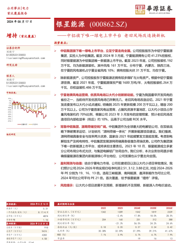 【华源证券】【20240517】银星能源-000862.SZ-中铝旗下唯一绿电上市平台 老旧风场改造换新机-16页 行业研究
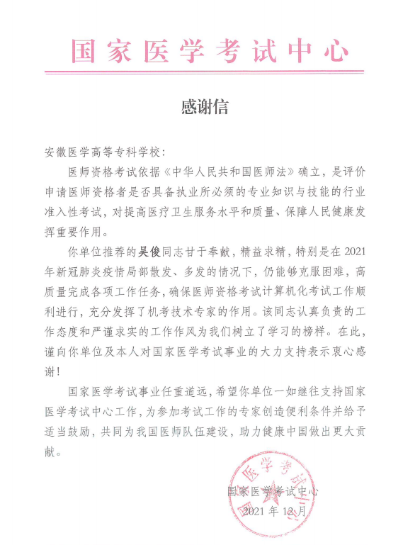 克日,,,,,,,国家医学考试中心还给我校朱霖、吴俊两位西席划分发来谢谢信。。。。。。。。谢谢信中充分一定了两位同志严酷遵守国家的执律例则和国家医学考试中心保密划定,,,,,,,甘于贡献,,,,,,,字斟句酌,,,,,,,特殊是在新冠肺炎疫情的特殊情形下,,,,,,,仍能够战胜难题,,,,,,,高质量完成各项事情使命,,,,,,,确保医师资格考试事情顺遂举行。。。。。。。。
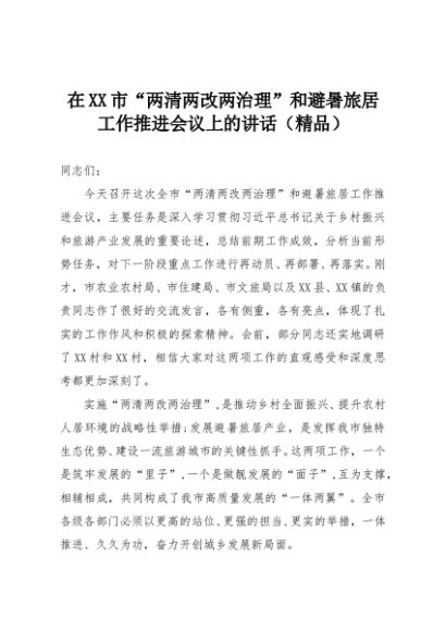 【七哥公文】2025年:在XX市“两清两改两治理”和避暑旅居工作推进会议上的讲话(精品)+更多免费公文+VX:QiGeGongWen2024

§ Exercise objective
Beginning at the line that contains "克日,,,,,,,国家医学考", retype each line of the data above through the very last one. Do not retype the pictures.

§ Solution for this problem
 克日,,,,,,,国家医学考试中心还给我校朱霖、吴俊两位西席划分发来谢谢信。。。。。。。。谢谢信中充分一定了两位同志严酷遵守国家的执律例则和国家医学考试中心保密划定,,,,,,,甘于贡献,,,,,,,字斟句酌,,,,,,,特殊是在新冠肺炎疫情的特殊情形下,,,,,,,仍能够战胜难题,,,,,,,高质量完成各项事情使命,,,,,,,确保医师资格考试事情顺遂举行。。。。。。。。
 【七哥公文】2025年:在XX市“两清两改两治理”和避暑旅居工作推进会议上的讲话(精品)+更多免费公文+VX:QiGeGongWen2024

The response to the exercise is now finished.